Bob needs a kidney, his identical twin brother Doug is a perfect match. Even though it’s a relatively safe medical procedure, and a grown man’s, life, (and the shape of his family’s future!), hangs in the balance, Doug’s rock solid body autonomy insures without question, that no one, not even the state, can force him to give his kidney.
His right to body autonomy extends beyond his lifetime and applies even to his corpse. He has to consent for his organs to be taken.
But if Bob impregnates Anne, at six weeks in, quite possibly before she knows she’s pregnant, she has lost all right to body autonomy? She now has no say in any medical risk her body undergoes, or the shape of her family and future?
So, doesn’t it come down to: do all people have full body autonomy?
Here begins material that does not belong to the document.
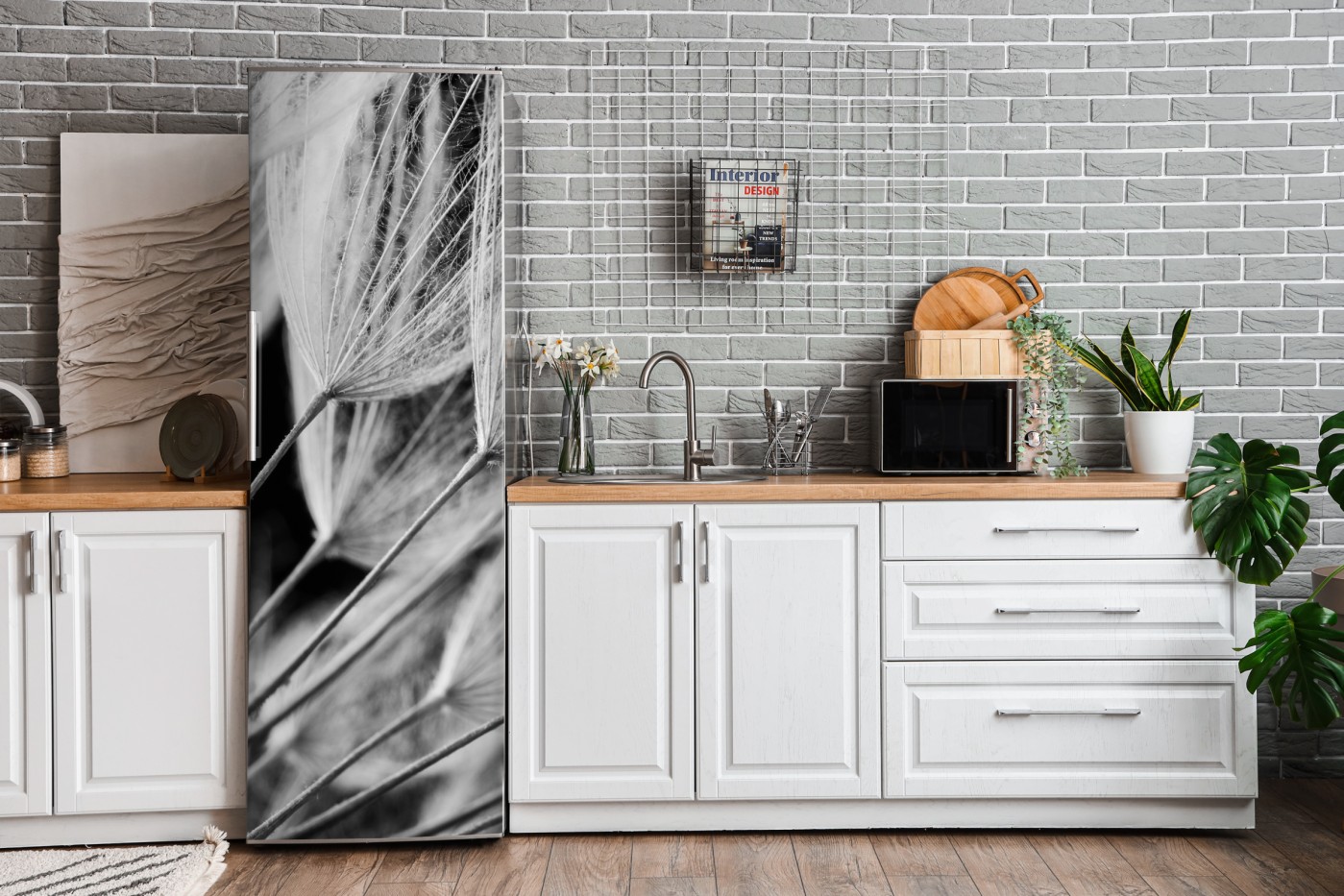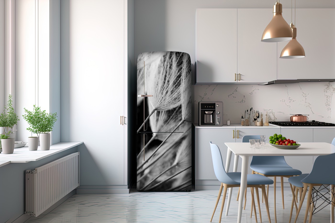 Naklejka na lodówkę Delikatne zbliżenie nasion dmuchawca czarno-białe
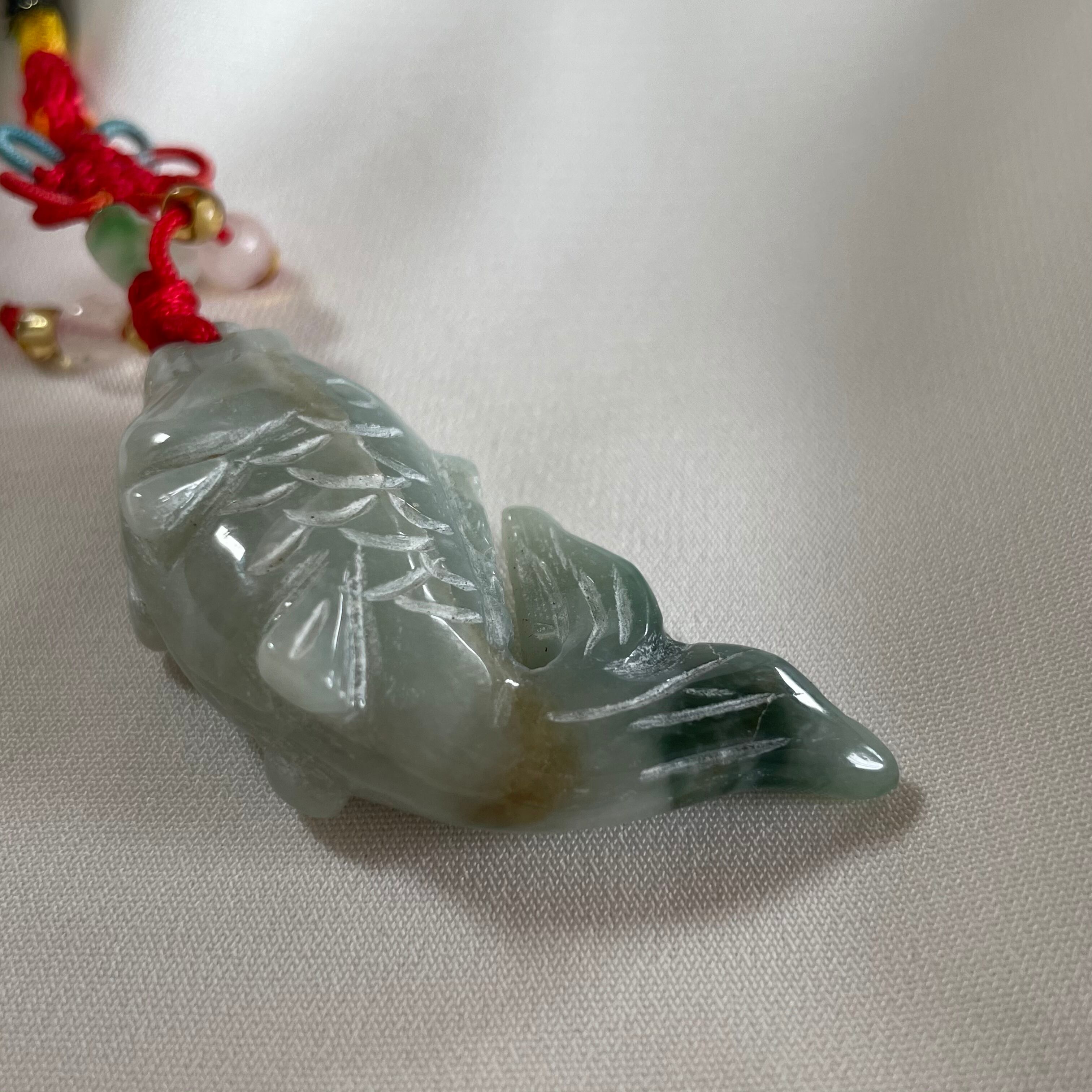 お買得!手彫り 縁起の良い鯉のチャーム 尾鰭が深い緑

Or just men?
Per Trump and many of his supporters, just men, quite obviously. From pussy grabbing to jailing women for doing certain things to their bodies, it’s quite clear how this administration and many of its supporters view women. They’re okay with women not being in control of their bodies. This is what they want.
I always ask the anti-abortion folks I talk to if they would like to go back to the world like it was before abortion was legal. When men could beat their wives and children, use “I couldn’t help myself” as an excuse for rape, sexually harass women, fire a pregnant single woman, yada, yada, yada. So far, nobody has answered yes.